Portal
Walk
Time limit:30000/15000 MS (java/others) Memory limit:65536/65536 K (java/others)
Total submission (s): 996 Accepted Submission (s): 634
Special Judge
Problem Description
I used to think I could is anything, but now I know that I couldn ' t do anything. So I started traveling.
The nation looks like a connected bidirectional graph, and I am randomly walking on it. It means when I am at node I, I'll travel to a adjacent node with the same probability in the next step. I'll pick up the start node randomly (each node in the graph have the same probability.), and travel for D steps, noting That I may go through some nodes multiple times.

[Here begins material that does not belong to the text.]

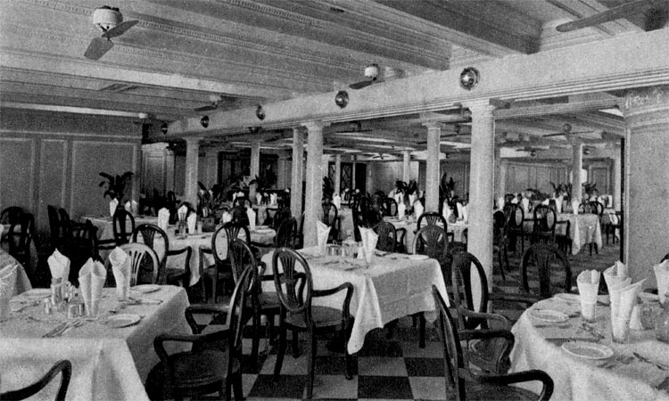 The Dining Saloon was located on Upper Deck directly aft of the forward Main Lobby. It certainly was a splendid venue being superbly furnished with the finest quality of furnishings, made of mahogany and elegant in style, as soon as one entered you would be assured that a fine meal awaited you as you were shown to your table by one of the polite and perfectly dressed stewards.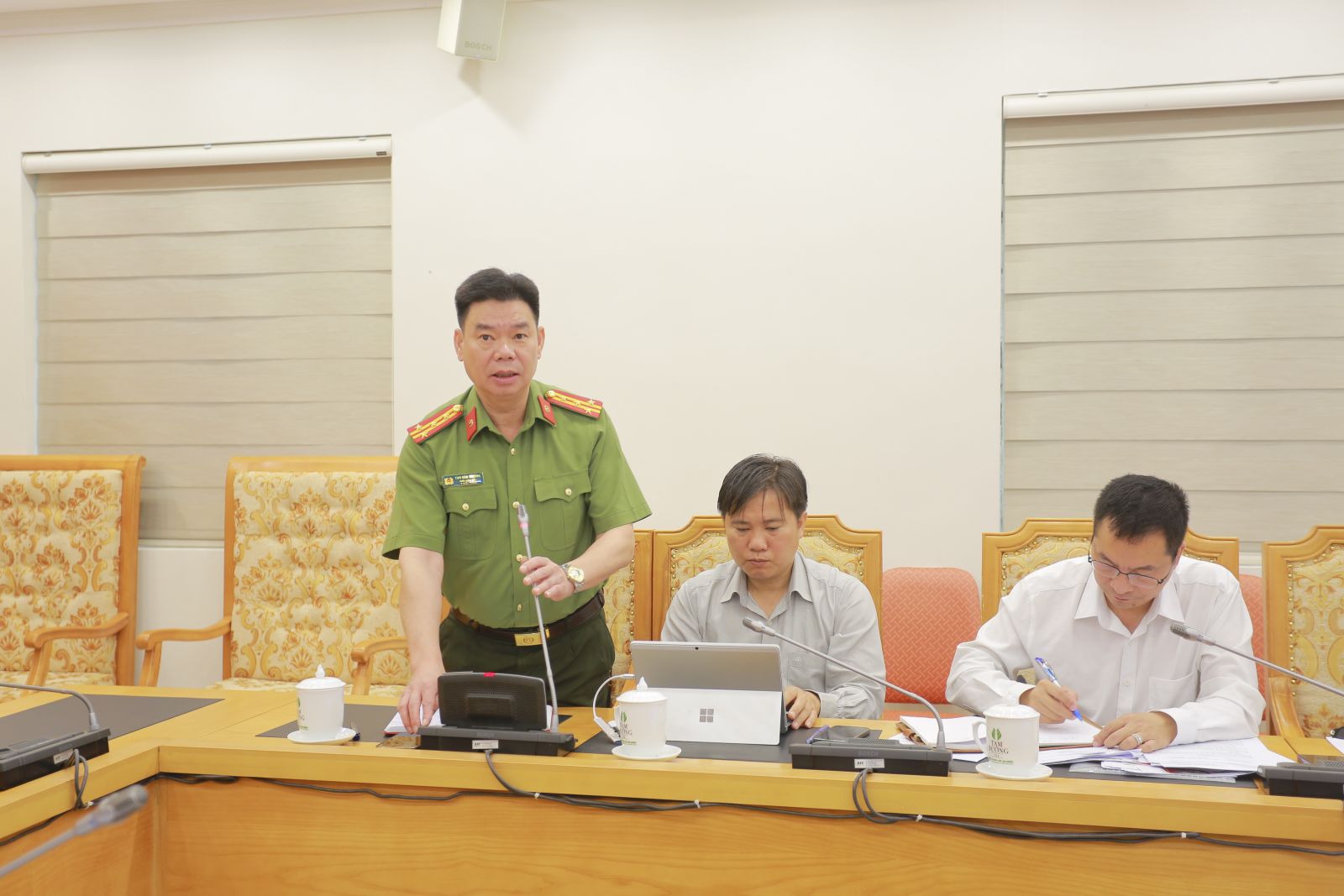 Đồng chí lãnh đạo Công an tỉnh đóng góp ý kiến tại hội nghị.

If I Miss some sights at a node, it'll make me unhappy. So I wonder to each node, what's the probability that my path doesn ' t contain it.
Input
The first line contains an integer T, denoting the number of the the test cases.
For each test case, the first line contains 3 integers n, m and d, denoting the number of vertices, the number of edges an d The number of steps respectively. Then M. lines follows, each containing, integers a and B, denoting there are an edge between Node A and Node B.
T<=20, N<=50, n-1<=m<=n* (n-1)/2, 1<=d<=10000. There is no self-loops or multiple edges in the graph, and the graph is connected. The nodes is indexed from 1.
Output
For each test cases, output n lines, the i-th line containing the desired probability for the i-th node.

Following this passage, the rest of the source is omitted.